Mohammed Morsi is shown behind bars with his hands raised in the air.

Egypt's deposed president Mohammed Morsi greets his lawyers and people from behind bars at a court on the outskirts of Cairo, Egypt, 2015.

Credit:

Amr Abdallah Dalsh/Reuters/File Photo

Former Egyptian president Mohammed Morsi, the first democratically elected head of state in Egypt's modern history, died on Monday aged 67 after collapsing in a Cairo court while on trial on espionage charges, authorities said.

Morsi, a top figure in the now-banned Muslim Brotherhood, had been in jail since being toppled by the military in 2013 after barely a year in power following mass protests against his rule.

The public prosecutor said he had collapsed in a defendants' cage in the courtroom shortly after speaking, and had been pronounced dead in hospital at 4:50 p.m. It said an autopsy had shown no signs of recent injury on his body.

BBC Profile: Egypt's Mohammed Morsi

After decades of repression under Egyptian autocrats, the Brotherhood won a parliamentary election after a popular uprising toppled former president Hosni Mubarak, and his military-backed establishment in 2011.

Morsi was elected to power in 2012 in Egypt's first free presidential election, having been thrown into the race at the last moment by the disqualification on a technicality of millionaire businessman Khairat al-Shater, by far the Brotherhood's preferred choice.

His victory marked a radical break with the military men who had supported every Egyptian leader since the overthrow of the monarchy in 1952.

Morsi promised a moderate Islamist agenda to steer Egypt into a new democratic era where autocracy would be replaced by transparent government that respected human rights and revived the fortunes of a powerful Arab state long in decline.

But the euphoria that greeted the end of an era of presidents who ruled like pharaohs did not last long.

The stocky, bespectacled man, born in 1951 in the dying days of the monarchy, told Egyptians he would deliver an "Egyptian renaissance with an Islamic foundation."

Instead, he alienated millions who accused him of usurping unlimited powers, imposing the Brotherhood's conservative brand of Islam and mismanaging the economy, all of which he denied.

State of emergency

Security sources said the Interior Ministry had declared a state of alert on Monday, notably in Morsi's home province of Sharqiya in the Nile Delta, where the body was expected to be taken for burial.  

Morsi had been in court for a hearing on charges of espionage emanating from suspected contacts with the Palestinian Islamist group Hamas, which had close ties to the Brotherhood.

His body was taken to the Tora prison hospital, state television reported.

His lawyer said Morsi's health had been poor in jail. "We had put in several requests for treatment, some were accepted and others were not," the lawyer, Abdel-Menem Abdel-Maqsood, told Reuters.

Morsi was serving a 20-year prison sentence for a conviction arising from the killing of protesters during demonstrations in 2012, and a life sentence for espionage in a case related to the Gulf state of Qatar.
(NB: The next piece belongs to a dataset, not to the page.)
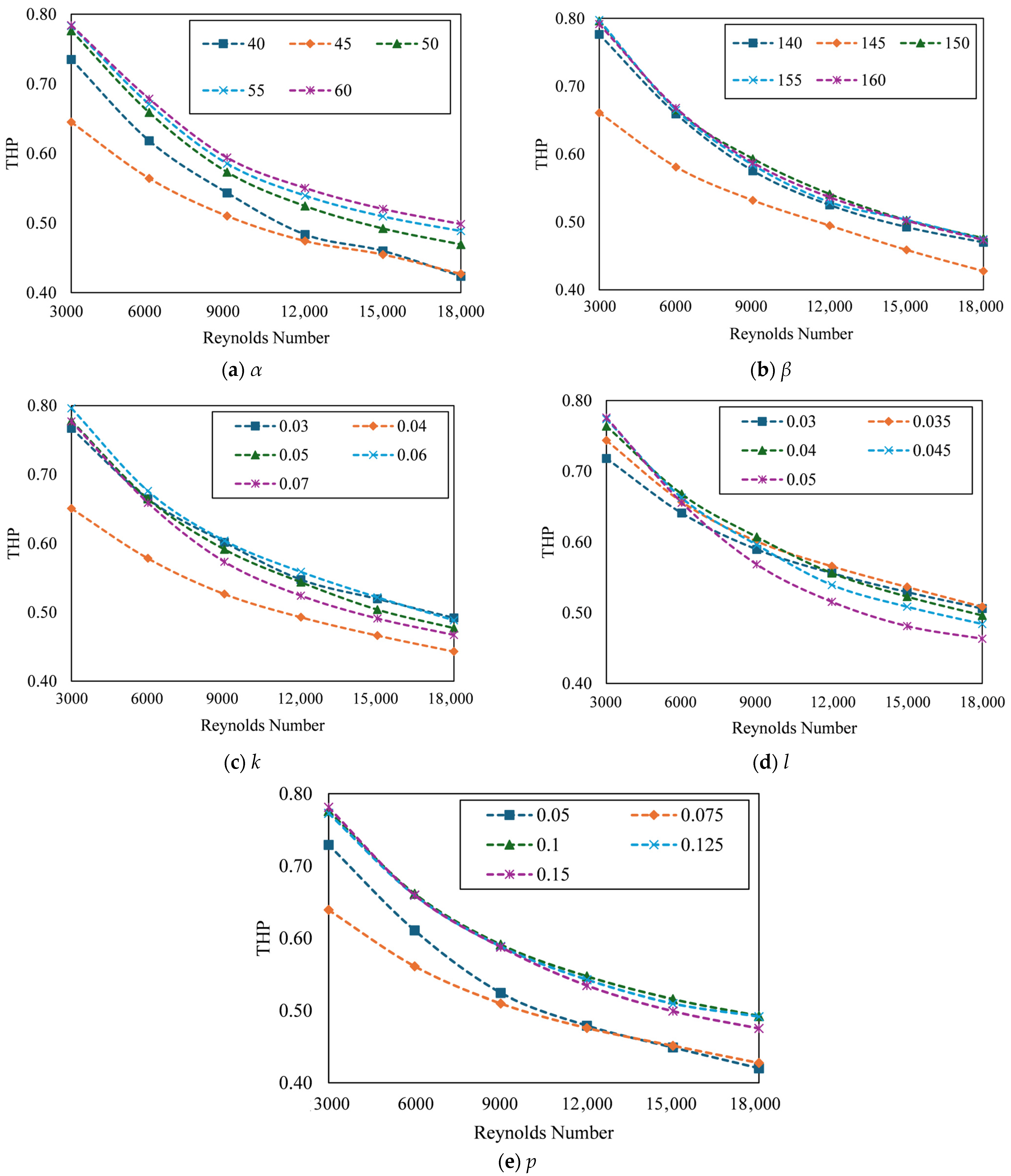 3.7.3. Effect of Reynolds Number on THP
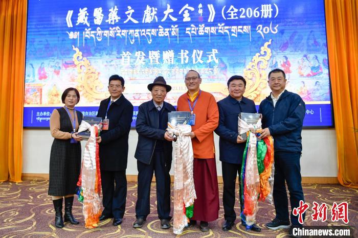 圖為(wei) 《藏醫藥文獻大全》首發暨贈書(shu) 儀(yi) 式現場。貢嘎來鬆 攝

He had denied the charges.

Turkish President Recep Tayyip Erdoğan mourned his fellow Islamist as a martyr.

"Putting doubts aside, he has become a martyr today with the fulfillment of God's order ... Our prayers are with him," Erdoğan said.

"Condolences to all my brothers who walked the same path as he did. Condolences to the people of Egypt. Condolences to his family and those close to him."

Qatar's emir, Sheikh Tamim bin Hamad Al Thani, a backer of Morsi and his Brotherhood, tweeted his condolences to Morsi's family "and to the brotherly Egyptian people."